+++ RECORD EXTRACTS

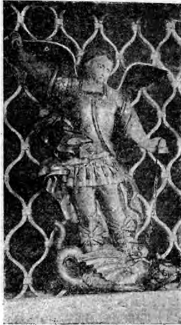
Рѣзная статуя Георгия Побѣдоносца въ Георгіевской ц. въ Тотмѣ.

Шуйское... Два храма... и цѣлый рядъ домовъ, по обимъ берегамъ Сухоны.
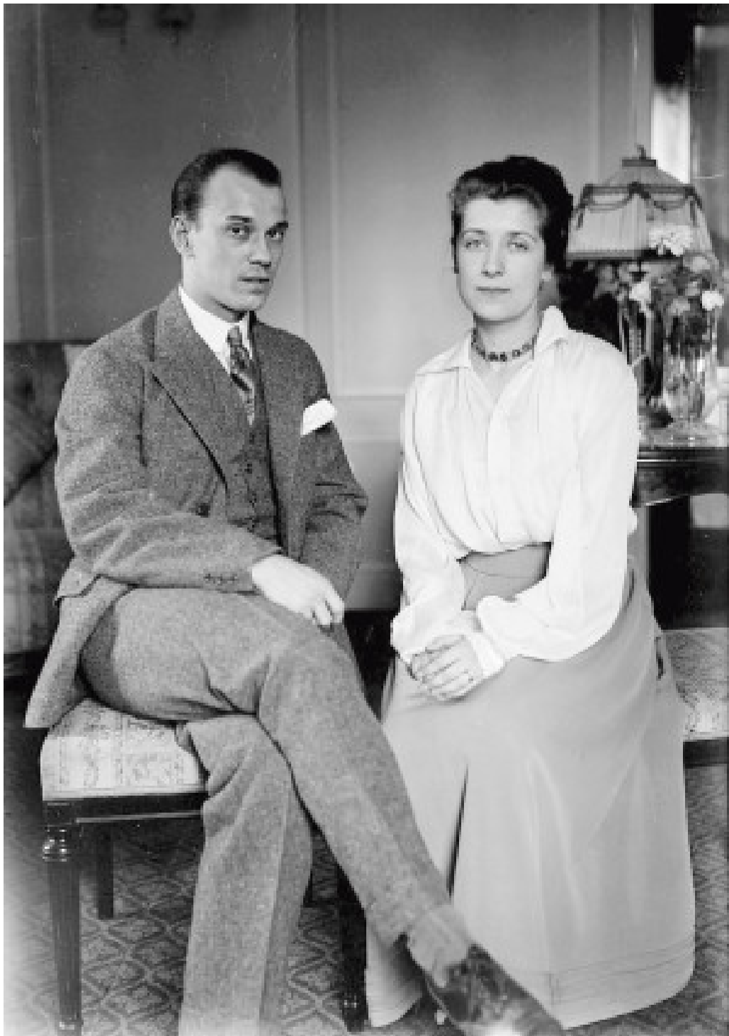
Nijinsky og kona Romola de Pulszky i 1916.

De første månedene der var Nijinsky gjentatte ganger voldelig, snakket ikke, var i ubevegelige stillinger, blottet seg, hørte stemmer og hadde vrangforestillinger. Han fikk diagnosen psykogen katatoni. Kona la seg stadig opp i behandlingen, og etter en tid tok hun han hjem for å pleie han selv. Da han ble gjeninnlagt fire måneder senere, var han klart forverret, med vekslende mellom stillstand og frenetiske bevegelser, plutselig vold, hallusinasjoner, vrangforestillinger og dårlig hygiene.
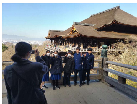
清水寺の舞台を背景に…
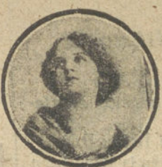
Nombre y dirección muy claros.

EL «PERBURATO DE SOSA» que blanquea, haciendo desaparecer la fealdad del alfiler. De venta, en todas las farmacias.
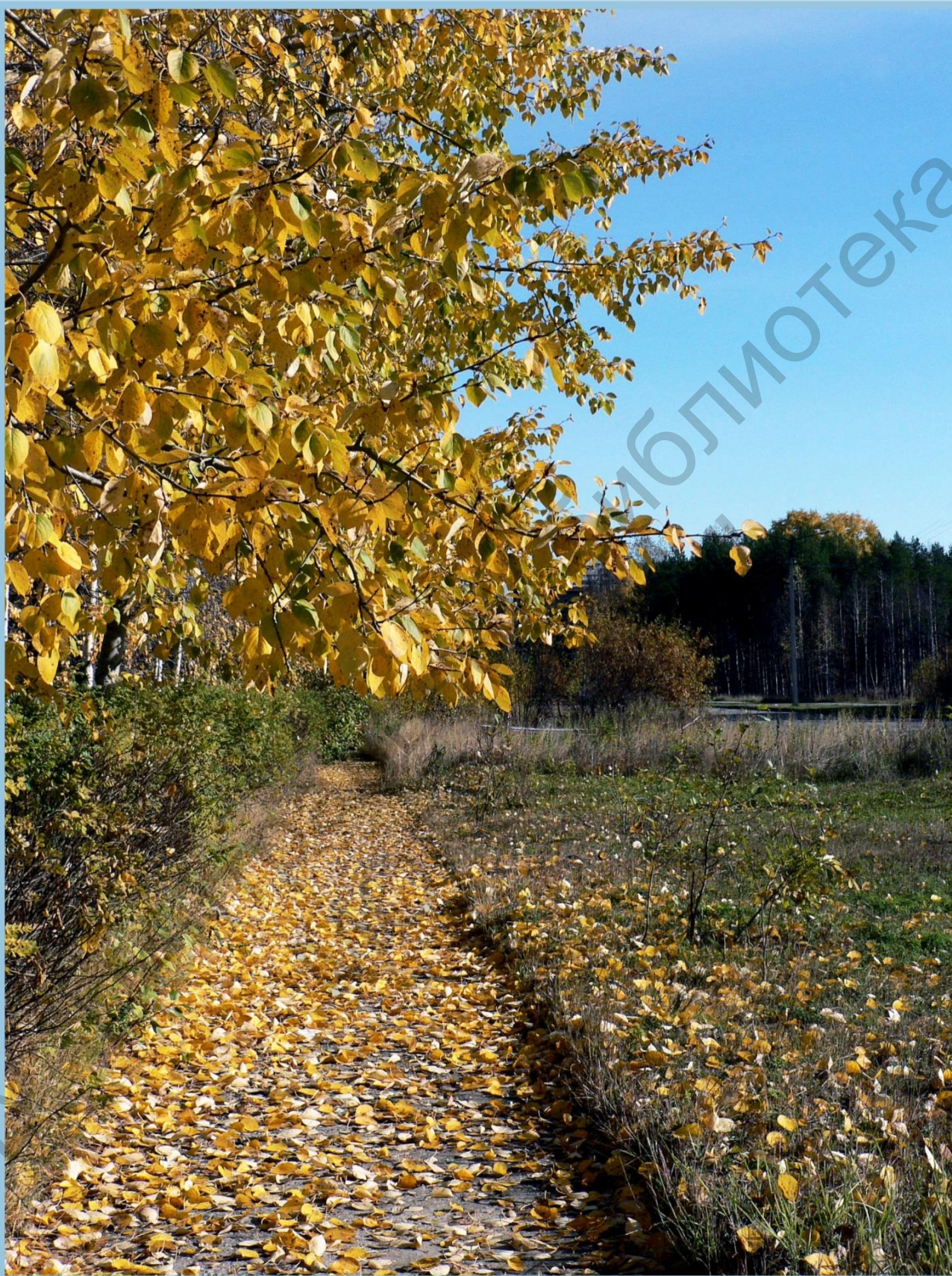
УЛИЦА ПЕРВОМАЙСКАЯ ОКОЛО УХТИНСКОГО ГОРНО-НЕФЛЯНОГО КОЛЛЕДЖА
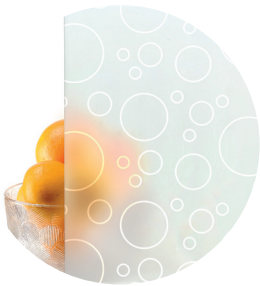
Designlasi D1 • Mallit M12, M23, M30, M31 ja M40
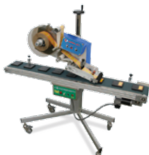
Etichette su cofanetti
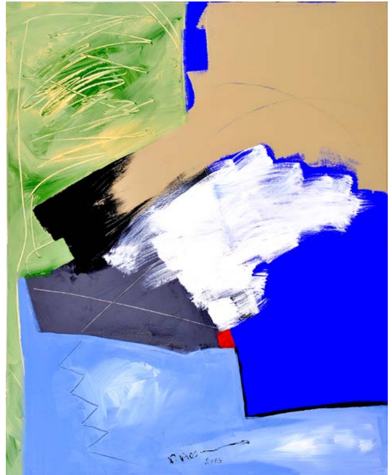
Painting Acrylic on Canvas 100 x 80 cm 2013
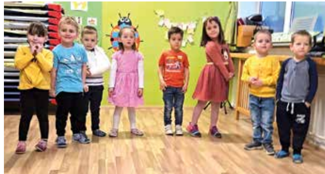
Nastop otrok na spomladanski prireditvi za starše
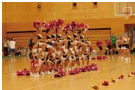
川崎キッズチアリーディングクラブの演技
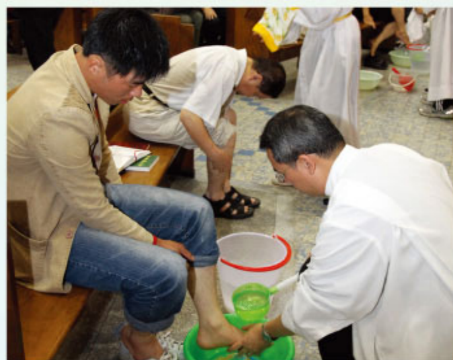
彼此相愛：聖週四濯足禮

++++++
+++ RECORD EXTRACTS

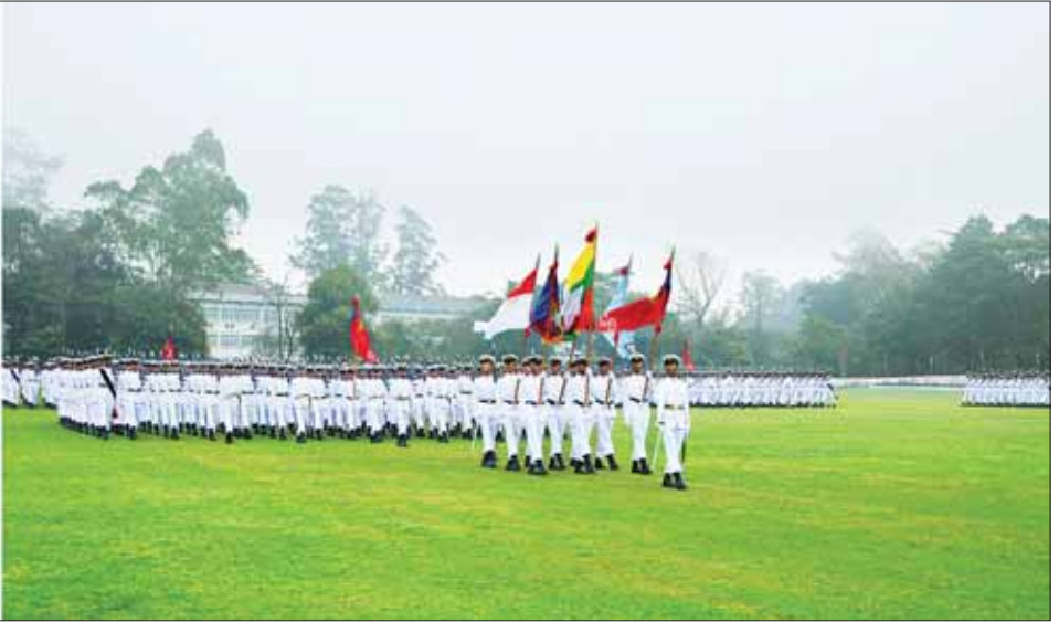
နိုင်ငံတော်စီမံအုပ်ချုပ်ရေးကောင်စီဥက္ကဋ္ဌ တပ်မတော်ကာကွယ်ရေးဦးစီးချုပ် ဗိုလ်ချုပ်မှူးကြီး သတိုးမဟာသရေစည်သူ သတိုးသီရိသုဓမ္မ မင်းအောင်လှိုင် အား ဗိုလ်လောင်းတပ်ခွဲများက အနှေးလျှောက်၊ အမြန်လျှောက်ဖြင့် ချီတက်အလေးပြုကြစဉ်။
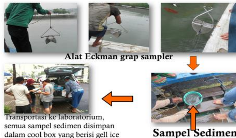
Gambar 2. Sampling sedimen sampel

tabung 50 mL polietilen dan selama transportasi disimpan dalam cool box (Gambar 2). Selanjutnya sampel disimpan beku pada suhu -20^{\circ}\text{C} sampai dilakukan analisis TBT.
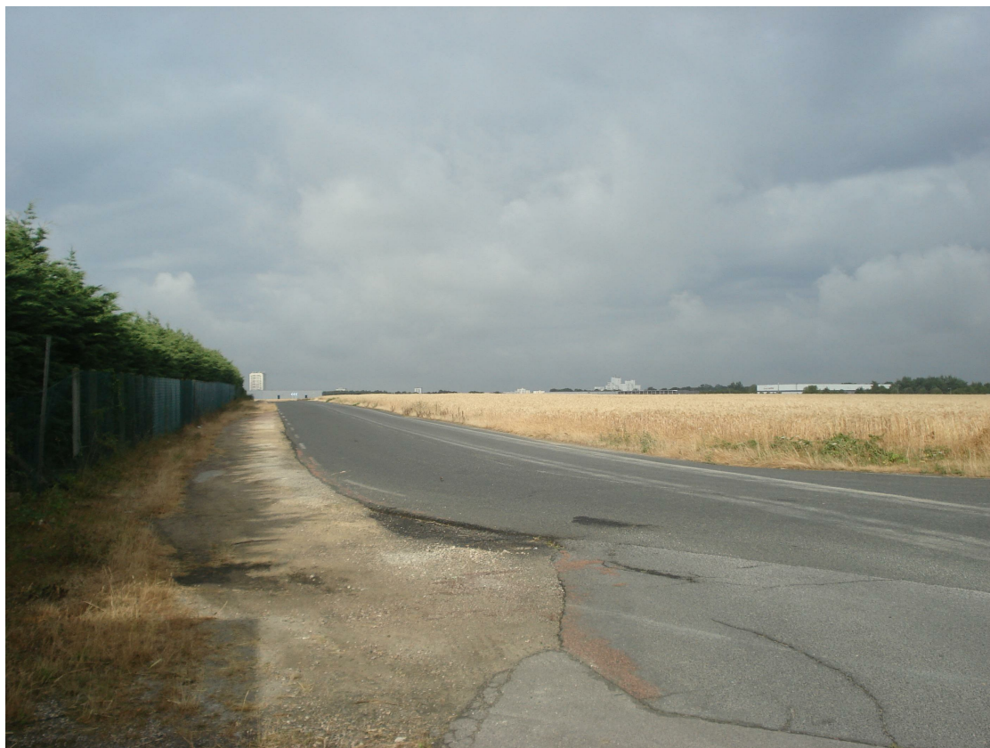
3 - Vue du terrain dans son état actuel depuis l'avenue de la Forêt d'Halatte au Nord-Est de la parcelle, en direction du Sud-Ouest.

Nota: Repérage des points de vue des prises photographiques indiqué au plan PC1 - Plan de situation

++++++
+++ RECORD EXTRACTS

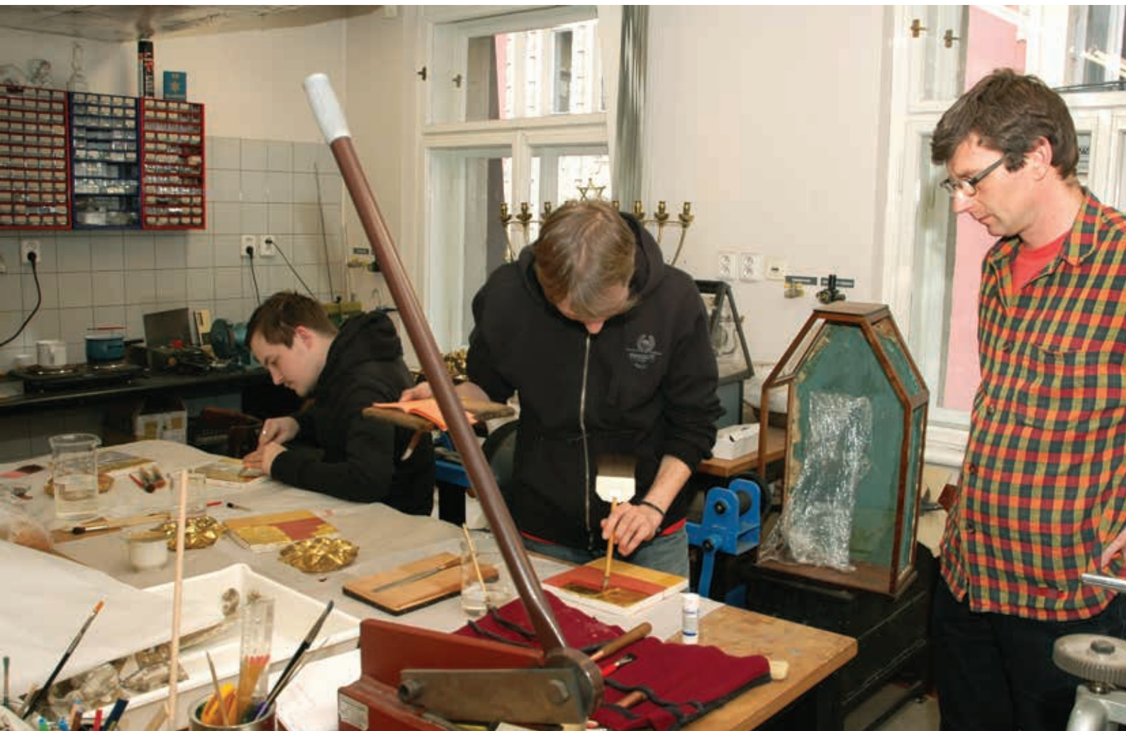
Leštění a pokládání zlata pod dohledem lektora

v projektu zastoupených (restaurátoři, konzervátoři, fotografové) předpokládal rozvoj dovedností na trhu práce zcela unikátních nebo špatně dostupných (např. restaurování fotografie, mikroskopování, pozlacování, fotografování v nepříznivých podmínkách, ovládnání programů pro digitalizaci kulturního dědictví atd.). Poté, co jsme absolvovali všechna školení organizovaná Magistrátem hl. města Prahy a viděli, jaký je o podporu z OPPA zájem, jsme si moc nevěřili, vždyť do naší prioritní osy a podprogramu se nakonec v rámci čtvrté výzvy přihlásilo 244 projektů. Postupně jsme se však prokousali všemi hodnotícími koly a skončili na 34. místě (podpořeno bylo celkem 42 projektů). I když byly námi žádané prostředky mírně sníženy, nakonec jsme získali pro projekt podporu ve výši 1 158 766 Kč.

++++++

EXERCISE PROMPT>
Extract, without any images, the part of the material above that opens with the line containing "Рѣзная статуя Георгия" and closes with the line containing "Nijinsky og kona Romola de Pulszky i 1916.", both lines included.

SOLUTION BELOW>
Рѣзная статуя Георгия Побѣдоносца въ Георгіевской ц. въ Тотмѣ.

Шуйское... Два храма... и цѣлый рядъ домовъ, по обимъ берегамъ Сухоны.
Nijinsky og kona Romola de Pulszky i 1916.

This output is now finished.